● What the task asks
Write out the data exactly, please, and omit the pictures.

● Available data
━━━━━━━━━━━━━━━━
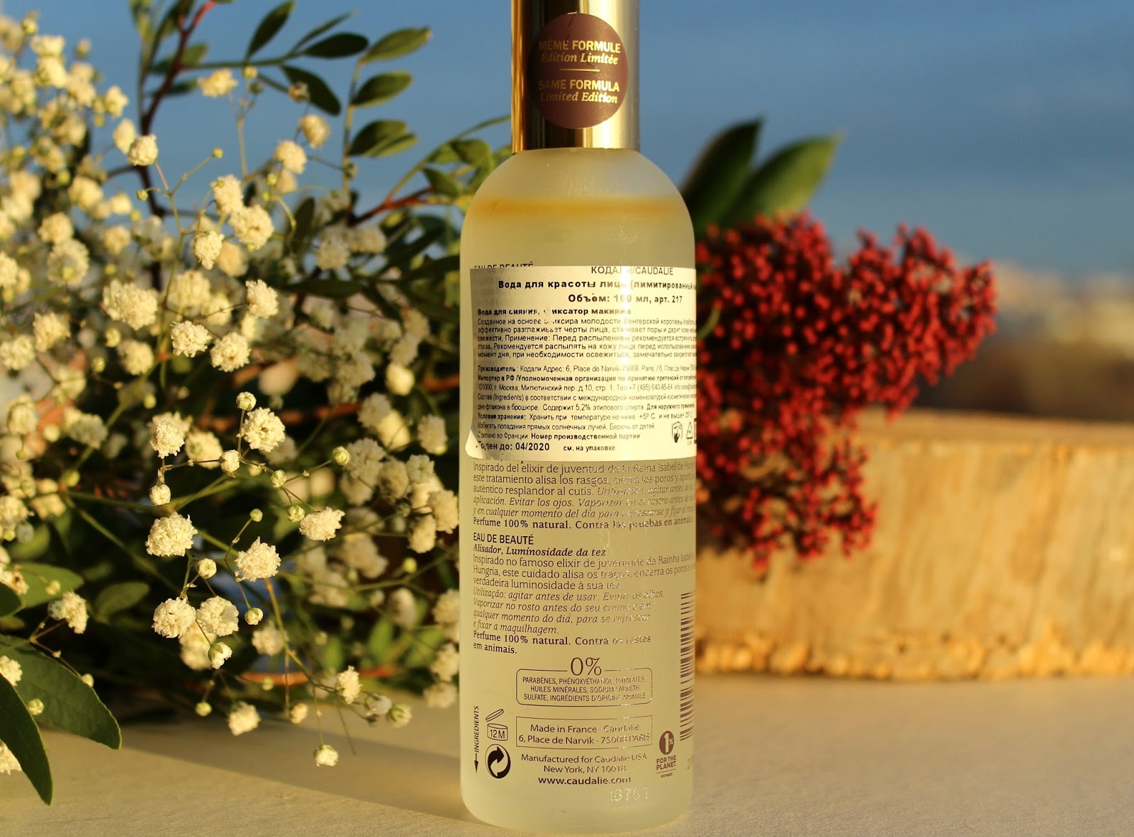 Caudalie Beauty Elixir сочетает в себе свойства тоника и сыворотки, борется с первыми признаками старения и последствиями неблагоприятных внешних воздействий. В составе гидролат цветов апельсина, эфирное масло розмарина, мяты, мелиссы, дамасской розы, экстракт винограда, витамин Е..
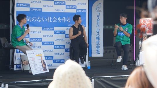 予防講演「“ミドルダンディ”の2人に聞く、いつまでの若々しくかっこよくいる秘訣」コスモヘルスが掲げる「病気のない社会を作る」というビジョンを体現する予防講演を開催。予防トレーナー・萩原慎也氏と前園真聖氏によるトークショー形式で、「いつまでも若々しくかっこよくいる秘訣」を伝えました。
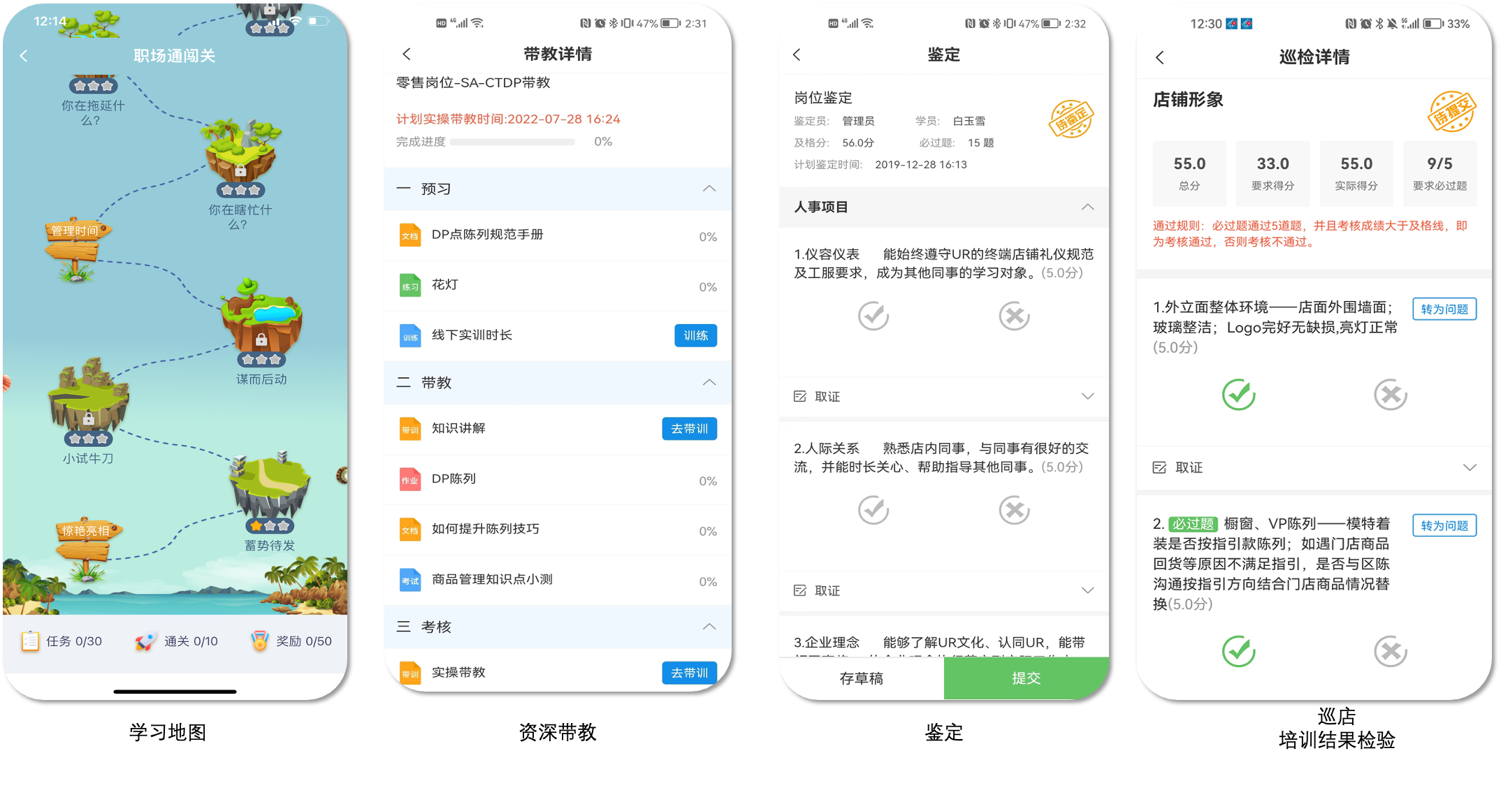招聘只是第一步,有效育人也是企业的重要课题。摒弃了枯燥的填鸭式培训,该企业转而用游戏化场景赋能员工成长。新员工一入职就有专属学习闯关地图,把培训内容变成一个个可攻克的关卡,再配上激励机制,让学习从“任务”变成“乐趣”。而区域经理的巡店鉴定,又能把培训成果量化考核,确保学到的技能真能落地到门店服务里,形成学练考用的完整闭环。
━━━━━━━━━━━━━━━━
● Exercise output
 Caudalie Beauty Elixir сочетает в себе свойства тоника и сыворотки, борется с первыми признаками старения и последствиями неблагоприятных внешних воздействий. В составе гидролат цветов апельсина, эфирное масло розмарина, мяты, мелиссы, дамасской розы, экстракт винограда, витамин Е..
 予防講演「“ミドルダンディ”の2人に聞く、いつまでの若々しくかっこよくいる秘訣」コスモヘルスが掲げる「病気のない社会を作る」というビジョンを体現する予防講演を開催。予防トレーナー・萩原慎也氏と前園真聖氏によるトークショー形式で、「いつまでも若々しくかっこよくいる秘訣」を伝えました。
招聘只是第一步,有效育人也是企业的重要课题。摒弃了枯燥的填鸭式培训,该企业转而用游戏化场景赋能员工成长。新员工一入职就有专属学习闯关地图,把培训内容变成一个个可攻克的关卡,再配上激励机制,让学习从“任务”变成“乐趣”。而区域经理的巡店鉴定,又能把培训成果量化考核,确保学到的技能真能落地到门店服务里,形成学练考用的完整闭环。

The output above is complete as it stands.